AIM OF THE EXERCISE. The answer must be an exact copy of the lines from the one with "Obviously, I was" through the final line below, with no pictures and nothing else.

DATA SHOWN.

┌──

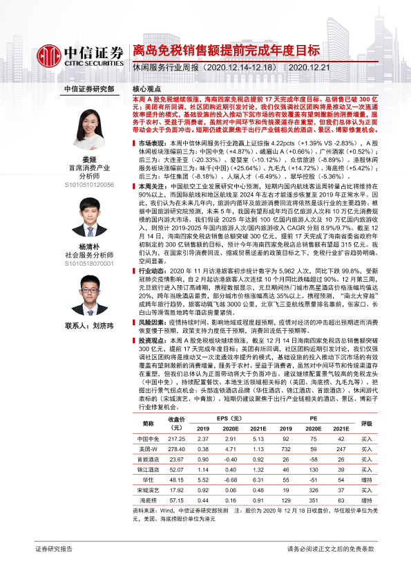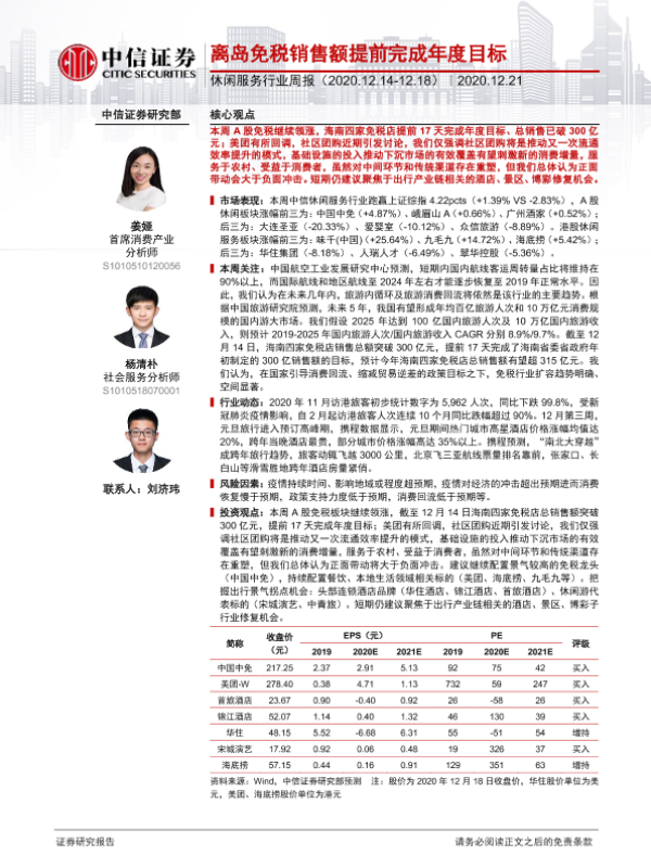 【中信证券】【20201221】休闲服务行业周报:离岛免税销售额提前完成年度目标-13页
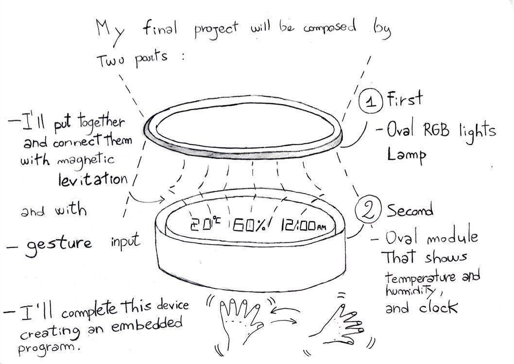 Obviously, I was searching for something new and useful: I started doing searches about general needs and different devices. I attemped studying and sketching wearable technology to keep warming, then hydroponic systems with remote control, and after solar powerbanks, furniture, and speakers. At the end, I realized there is already a lot about these type of devices … I immediatly looked for something new, full of tools, as a personal assitant, with lighting system and fascionating design; I decided that my final project will be about RGB LED lights, sensor of temperature and humidity, clock, and remote control. I like to image it as a dinamic device. I will name it “Spectrum”, and it will levitate. I had to keep working step by step due to the big number of tool to design and program.
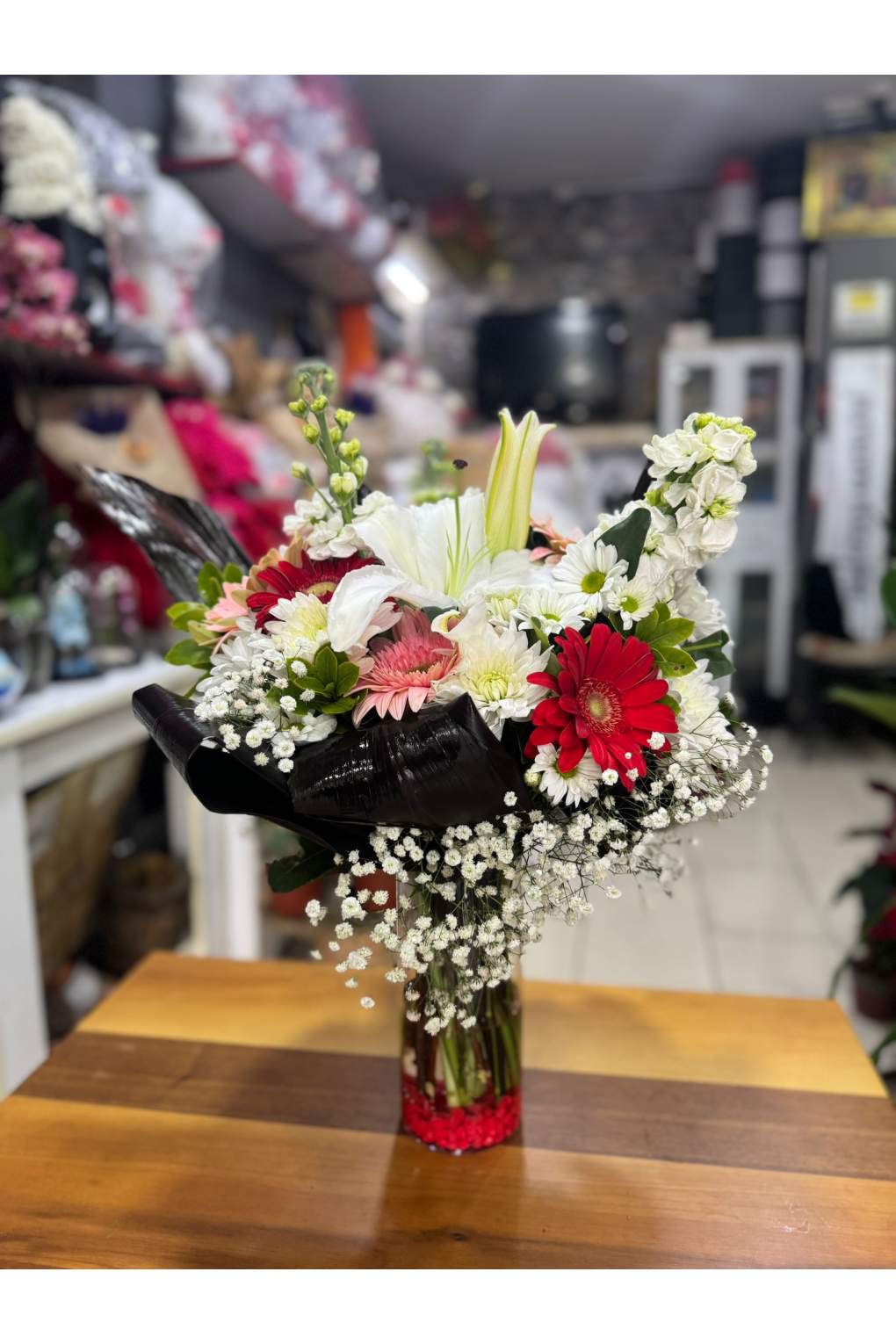 Çiçeklerimiz mevsime göre tazelik ve renk tonlarında küçük farklılıklar gösterebilir. Aranjmanı her zaman aynı stil, ölçü ve kaliteyle hazırlıyoruz; ancak doğanın birebir kopyası olmadığından görseldeki bazı çiçekler benzer alternatiflerle değiştirilebilir. Her durumda buketiniz aynı şıklıkta ve değerde hazırlanır-
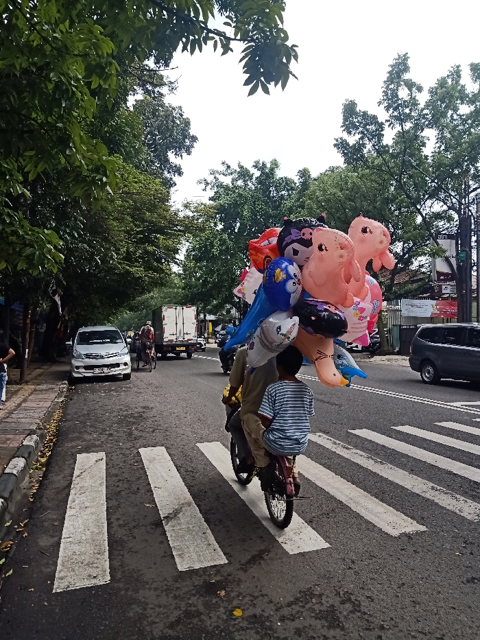 A man rides a motorcycle across a zebra crossing, carrying a large bunch of colorful character balloons. A child is riding pillion. They are on a street lined with trees and sidewalks. Vehicles, including cars, a truck, and a bicycle, are on the road in the background. The sky is overcast.

└──

WRITTEN ANSWER.
 Obviously, I was searching for something new and useful: I started doing searches about general needs and different devices. I attemped studying and sketching wearable technology to keep warming, then hydroponic systems with remote control, and after solar powerbanks, furniture, and speakers. At the end, I realized there is already a lot about these type of devices … I immediatly looked for something new, full of tools, as a personal assitant, with lighting system and fascionating design; I decided that my final project will be about RGB LED lights, sensor of temperature and humidity, clock, and remote control. I like to image it as a dinamic device. I will name it “Spectrum”, and it will levitate. I had to keep working step by step due to the big number of tool to design and program.
 Çiçeklerimiz mevsime göre tazelik ve renk tonlarında küçük farklılıklar gösterebilir. Aranjmanı her zaman aynı stil, ölçü ve kaliteyle hazırlıyoruz; ancak doğanın birebir kopyası olmadığından görseldeki bazı çiçekler benzer alternatiflerle değiştirilebilir. Her durumda buketiniz aynı şıklıkta ve değerde hazırlanır-
 A man rides a motorcycle across a zebra crossing, carrying a large bunch of colorful character balloons. A child is riding pillion. They are on a street lined with trees and sidewalks. Vehicles, including cars, a truck, and a bicycle, are on the road in the background. The sky is overcast.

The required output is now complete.